My thoughts: Since $G$ acts transitively on $A$, there exist $a,b\in A$ such that $g\cdot a=b$, by definition of transitive actions. As $G_\alpha=\{1\}$, we have that $g\cdot\alpha=\alpha$, so I need to try and see if I replace $\alpha$ with any element of $A$, then the result still holds. I'm assuming that this comes from us only having a single orbit, since the action is transitive, but I am having some issues "rigorously" proving it. Any help is greatly appreciated! Thank you.

Answer 1

Let us do this explicitly, let us break down all the definitions, since $G$ is a transitive action, we have that there is a single orbit, that is given $x,y\in A$ there is some $g\in G$ such that $gx=y$. Let us also recall the definition of the stabilizer, we have that $G_x=\{g\in G:gx=x\}$.

Now say that we have $G_\alpha=\{1\}$, now let $\beta\in A$, let us show that $G_\beta=\{1\}$. Thus, let $g\in G_\beta$ (our goal will be to show that $g=1$).
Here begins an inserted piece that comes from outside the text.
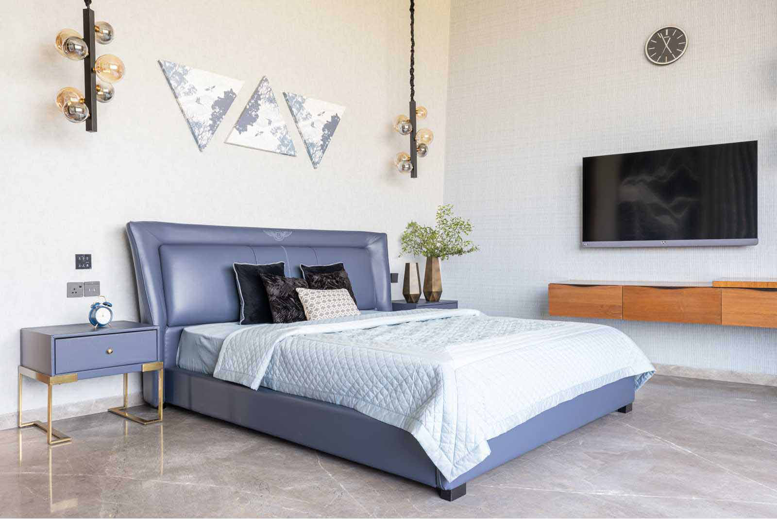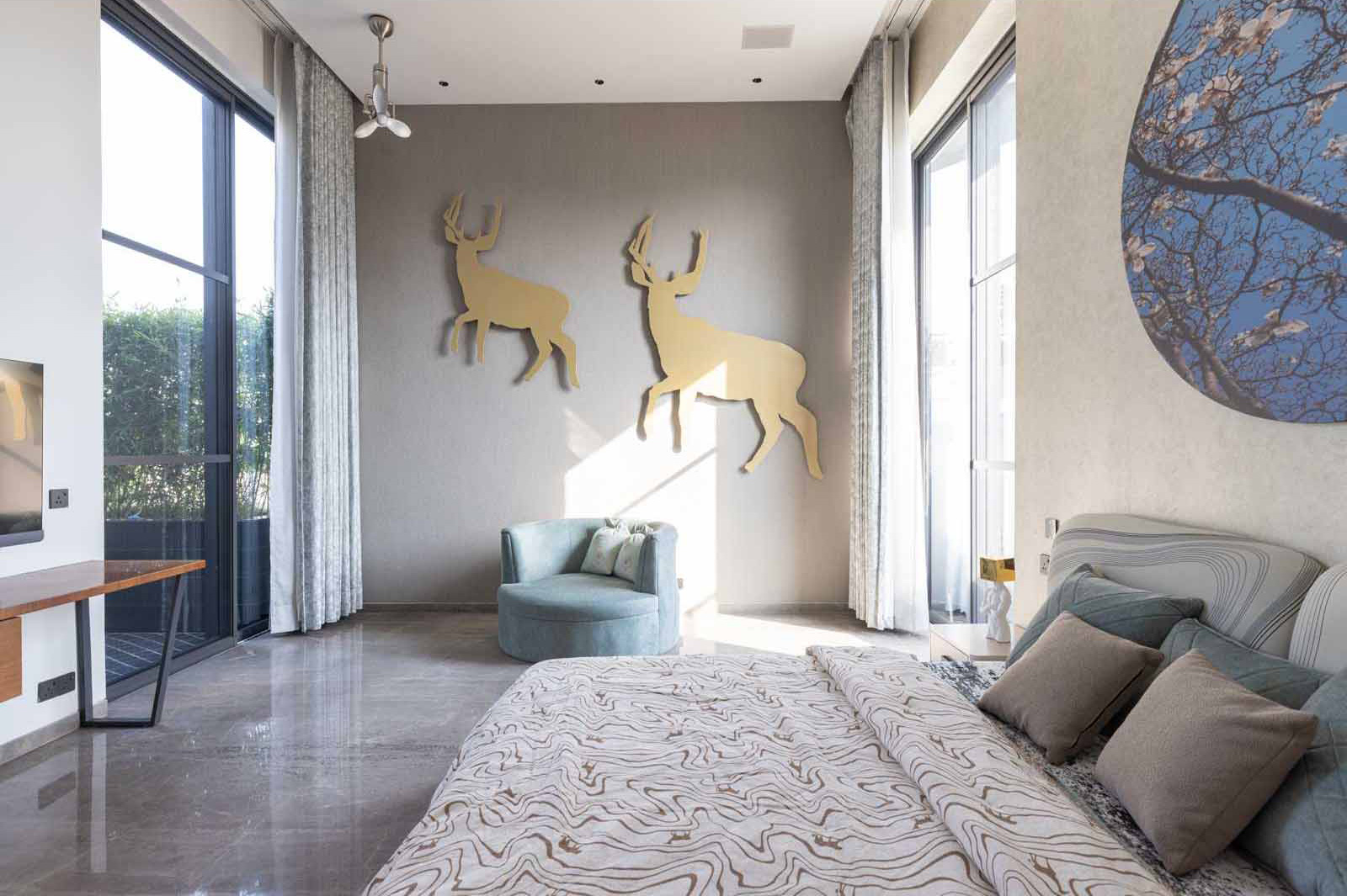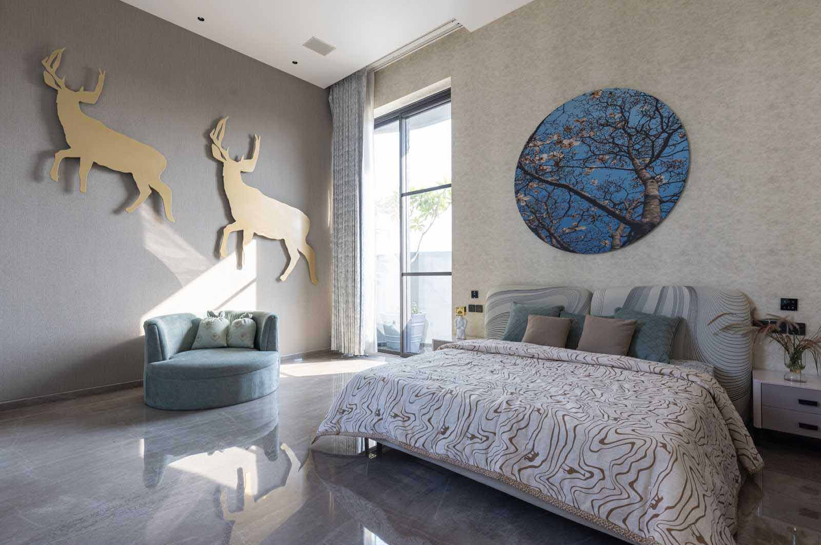 Each of the bedrooms has its own design, with details like built-in desks, large artwork, and accent walls.

Thus, we have that $g\beta=\beta$. Now we have that there is some $h\in G$ such that $h\alpha=\beta$ (equivalently we will have that $h^{-1}\beta=\alpha$), so we will have that $gh\alpha=\beta$, and then multiplying by $h^{-1}$ on the left again, we conclude that $h^{-1}gh\alpha=h^{-1}\beta=\alpha$. Thus, we will have that $h^{-1}gh\in G_\alpha=\{1\}$. Thus, we conclude that $h^{-1}gh=1$, and from this we conclude that $g=1$.

Answer 2

Hint: There exists $h\in G$ such that $h\alpha=\beta$. Now, if $g\beta=\beta$, what can you deduce for $\alpha$?

Answer 3

Here are two approaches:

Fancy approach: Prove $G_{g\cdot\alpha}=gG_{\alpha}g^{-1}$. Then in your scenario you get $G_\beta=G_{g\cdot\alpha}=gG_\alpha g^{-1}=g\{1\}g^{-1}=\{1\}$.

Direct approach: You just need to show if $g'\in G_\beta$ then $g'=1$. To this end, if $g'\cdot\beta=\beta$ then $g'\cdot(g\cdot\alpha)=g\cdot\alpha$, and try to conclude $g^{-1}g'g=1$ then conclude the result from here.

Answer 4

1. The stabilizers of the points of one same orbit are conjugate. So, if one is $\{1\}$, all the others are $\{1\}$ either.

2. If the action is transitive, then the whole $A$ is one same orbit.

From 1 and 2 your claim follows.